● WHAT YOU WILL DO: Would you return exactly the lines below from the line with "Pojemnik na wykałaczki." through the line with "粘结强度高,抗滑移能力强:适", both included, and nothing else, leaving out the pictures?

● WORKING DATA:
* * * * *
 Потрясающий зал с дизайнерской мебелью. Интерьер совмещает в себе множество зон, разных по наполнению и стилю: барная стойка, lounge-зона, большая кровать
* * * * *
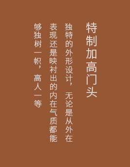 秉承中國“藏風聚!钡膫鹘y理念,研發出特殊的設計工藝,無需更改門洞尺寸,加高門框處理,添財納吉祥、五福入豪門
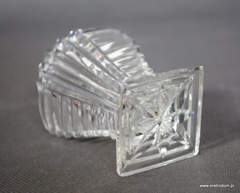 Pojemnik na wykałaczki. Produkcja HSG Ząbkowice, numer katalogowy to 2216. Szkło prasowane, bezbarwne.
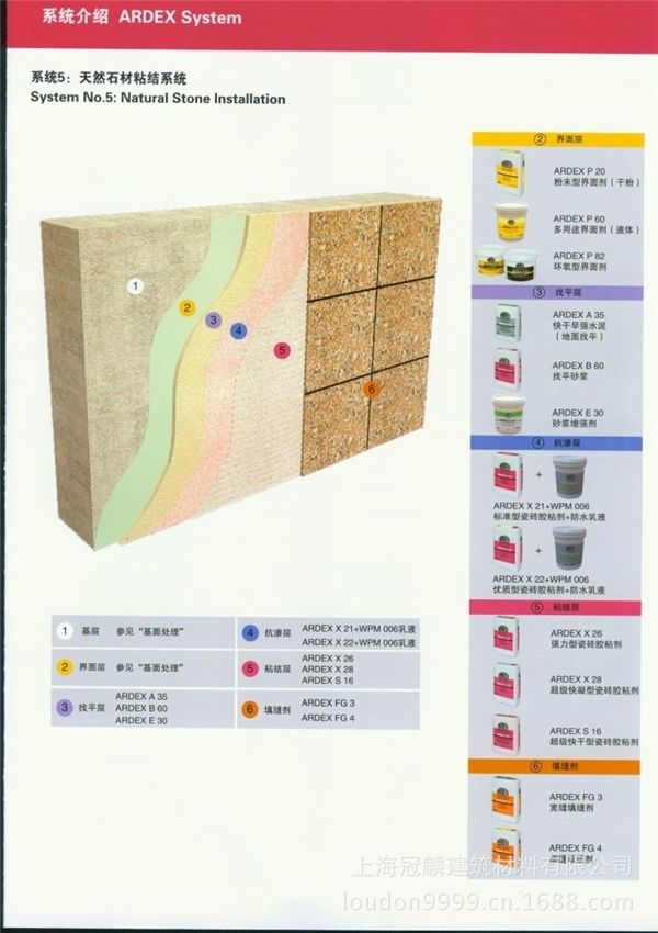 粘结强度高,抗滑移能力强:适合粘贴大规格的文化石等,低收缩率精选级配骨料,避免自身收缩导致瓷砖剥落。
* * * * *
● ANSWER TO THIS TASK:
 Pojemnik na wykałaczki. Produkcja HSG Ząbkowice, numer katalogowy to 2216. Szkło prasowane, bezbarwne.
 粘结强度高,抗滑移能力强:适合粘贴大规格的文化石等,低收缩率精选级配骨料,避免自身收缩导致瓷砖剥落。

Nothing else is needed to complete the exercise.